5.2.  Common Data Structures

   Before specifying the specific types that may be placed in a PKIBody,
   we define some data structures that are used in more than one case.

5.2.1.  Requested Certificate Contents

   Various PKI management messages require that the originator of the
   message indicate some of the fields that are required to be present
   in a certificate.  The CertTemplate structure allows an end entity or
   RA to specify as much as it wishes about the certificate it requires.
   CertTemplate is identical to a Certificate, but with all fields
   optional.

   Note that even if the originator completely specifies the contents of
   a certificate it requires, a CA is free to modify fields within the
   certificate actually issued.  If the modified certificate is
   unacceptable to the requester, the requester MUST send back a
   certConf message that either does not include this certificate (via a
   CertHash), or does include this certificate (via a CertHash) along
   with a status of "rejected".  See Section 5.3.18 for the definition
   and use of CertHash and the certConf message.

   See Appendix C and [CRMF] for CertTemplate syntax.

5.2.2.  Encrypted Values

   Where encrypted values (restricted, in this specification, to be
   either private keys or certificates) are sent in PKI messages, the
   EncryptedValue data structure is used.
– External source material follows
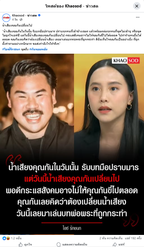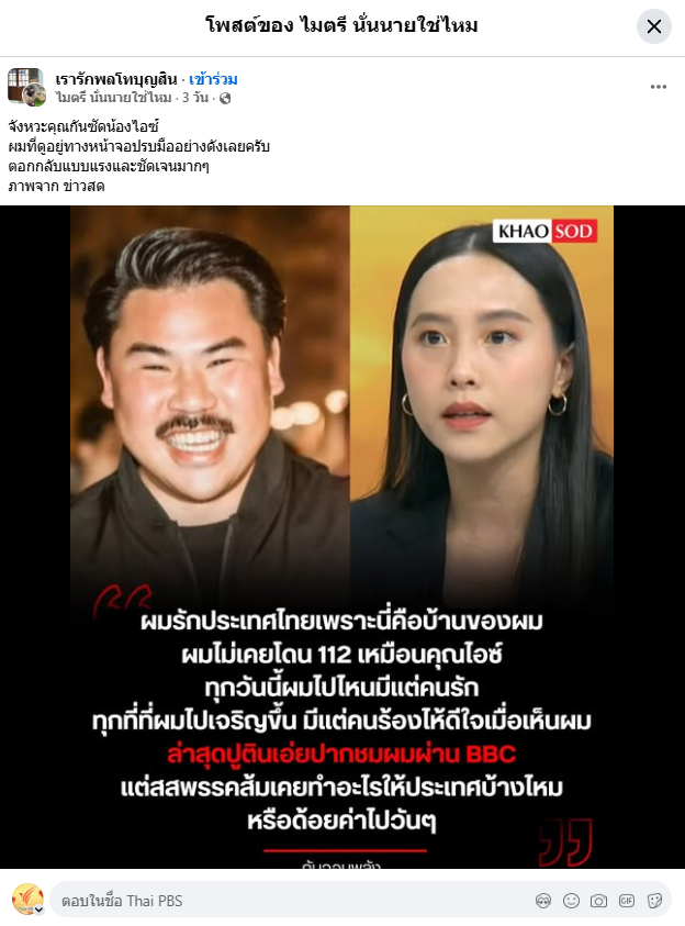 ผู้ใช้บัญชีเฟซบุ๊กชื่อ “ไมตรี นั่นนายใช่ไหม” โพสต์ภาพของ “กัน จอมพลัง” และ “ไอซ์ รักชนก” พร้อมข้อความระบุว่า “ผมรักประเทศไทยเพราะนี่คือบ้านของผม ผมไม่เคยโดน 112 เหมือนคุณไอซ์ ทุกวันนี้ผมไปไหนมีแต่คนรัก ทุกที่ที่ผมไปเจริญขึ้น มีแต่คนร้องไห้ดีใจเมื่อเห็นผม ล่าสุดปูตินเอ่ยปากชมผมผ่าน BBC แต่สส.พรรคส้มเคยทำอะไรให้ประเทศบ้างไหม หรือด้อยค่าไปวัน ๆ กัน จอมพลัง” พร้อมระบุว่า ภาพดังกล่าวเป็นช่วงการตอบโต้กันของ “กัน จอมพลัง” และ “ไอซ์ รักชนก” โดยระบุที่มาของภาพดังกล่าวว่ามาจาก ข่าวสด

Top      Up      ToC       Page 32 
   See [CRMF] for EncryptedValue syntax.

   Use of this data structure requires that the creator and intended
   recipient be able to encrypt and decrypt, respectively.  Typically,
   this will mean that the sender and recipient have, or are able to
   generate, a shared secret key.

   If the recipient of the PKIMessage already possesses a private key
   usable for decryption, then the encSymmKey field MAY contain a
   session key encrypted using the recipient's public key.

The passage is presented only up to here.